Cat state
In quantum mechanics, the cat state, named after Schrödinger's cat,[1] is a quantum state composed of two diametrically opposed conditions at the same time,[2] such as the possibilities that a cat is alive and dead at the same time. Generalizing Schrödinger's thought experiment, any other quantum superposition of two macroscopically distinct states is also referred to as a cat state. A cat state could be of one or more modes or particles, therefore it is not necessarily an entangled state. Such cat states have been experimentally realized in various ways and at various scales.
Cat states over distinct particles
Concretely, a cat state can refer to the possibility that multiple atoms be in a superposition of all spin up and all spin down, known as a Greenberger–Horne–Zeilinger state (GHZ state), which is highly entangled. Since GHZ states are relatively difficult to produce but easy to verify they are often used as a benchmark for different platforms. Such a state for six atoms was realized by a team led by David Wineland at NIST in 2005[3] and the largest states have since grown to beyond 20.

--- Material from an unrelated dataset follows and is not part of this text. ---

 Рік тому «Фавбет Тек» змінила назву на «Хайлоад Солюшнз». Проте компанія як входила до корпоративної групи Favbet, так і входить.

Optically, the GHZ state can be realized with several distinct photons in a superposition of all polarized vertically and all polarized horizontally. These have been experimentally realized by a team led by Pan Jianwei at University of Science and Technology of China, for instance, four-photon entanglement,[4] five-photon entanglement,[5] six-photon entanglement,[6] eight-photon entanglement,[7] and five-photon ten-qubit cat state.[8]

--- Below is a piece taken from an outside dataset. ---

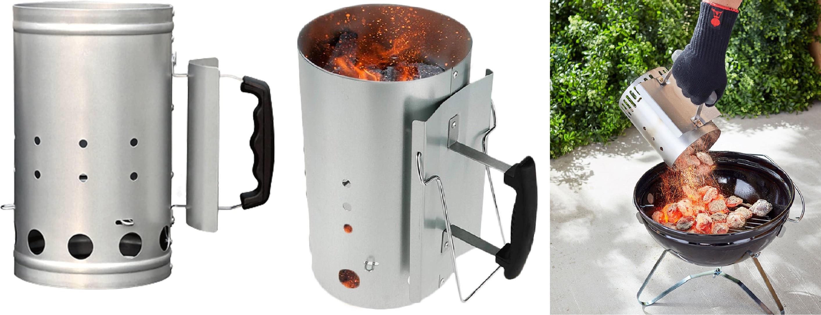 К углям часто используют вот такую вещицу – называется «charcoal chimney started» (печная труба для разжигания углей) – действительно, заметно ускоряет процесс.
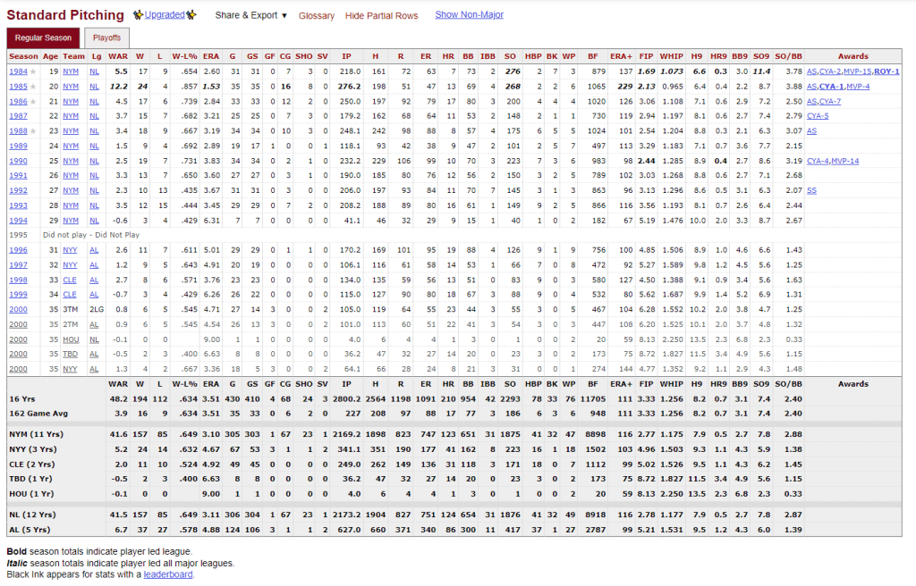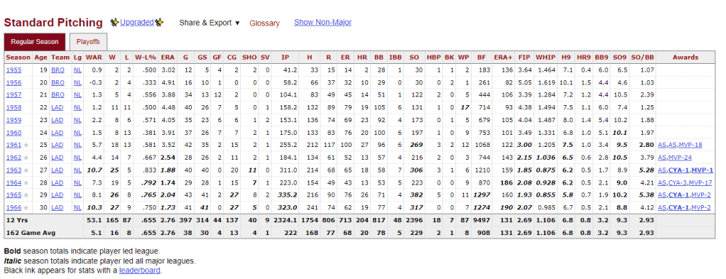 Oh, you’d like some comparisons? Sure, let’s start with the book’s subject I am currently reading – Sandy Koufax. Let’s hop over to the old reliable Baseball Reference website for some numbers. Well, look at that, Koufax made his debut at 19, just like Doc. Stats – 165 wins, 87 losses for Koufax. Gooden – 194 wins, 112 losses. How about the stats I love – 162 game averages. Koufax – 16 wins, 8 losses, 222 innings pitched, 229 strikeouts, 78 walks, 2.76 ERA. The stuff of legends and by all accounts, Koufax may be the greatest pitcher for the time he pitched of all time. Now Gooden’s 162 average – 16 wins, 9 losses, 227 innings pitched, 186 strikeouts, 77 walks, 3.51 ERA. Koufax pitched for 12 seasons, Gooden for 16 – I am just wondering what Gooden’s 162 average was for his first 12 years as a comparison. I bet it was as good or better than Koufax’s!!! Here are the two legend’s stats for your viewing pleasure, courtesy of Baseball Reference.

This spin up/down formulation was proposed by David Bohm, who conceived of spin as an observable in a version of thought experiments formulated in the 1935 EPR paradox.[9]

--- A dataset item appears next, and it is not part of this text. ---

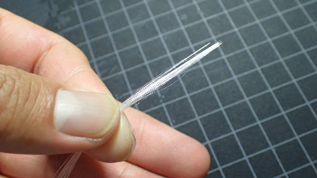 取り出した繊維はばらけないようにしっかり持ってタイイングに使用します。

Cat states in single modes
In quantum optics, a cat state is defined as the quantum superposition of two opposite-phase coherent states of a single optical mode (e.g., a quantum superposition of large positive electric field and large negative electric field): [math]\displaystyle{ |\mathrm{cat}_e\rangle \propto |\alpha\rangle + |{-}\alpha\rangle, }[/math] where [math]\displaystyle{ |\alpha\rangle = e^{-\frac{1}{2}|\alpha|^2} \sum_{n=0}^\infty \frac{\alpha^n}{\sqrt{n!}} |n\rangle }[/math] and [math]\displaystyle{ |{-}\alpha\rangle = e^{-\frac{1}{2}|{-}\alpha|^2} \sum_{n=0}^\infty \frac{({-}\alpha)^n}{\sqrt{n!}} |n\rangle }[/math] are coherent states defined in the number (Fock) basis. Notice that if we add the two states together, the resulting cat state only contains even Fock state terms: [math]\displaystyle{ |\mathrm{cat}_e\rangle \propto 2e^{-\frac{1}{2}|\alpha|^2} \left(\frac{\alpha^0}{\sqrt{0!}} |0\rangle + \frac{\alpha^2}{\sqrt{2!}} |2\rangle + \frac{\alpha^4}{\sqrt{4!}} |4\rangle + \dots\right). }[/math]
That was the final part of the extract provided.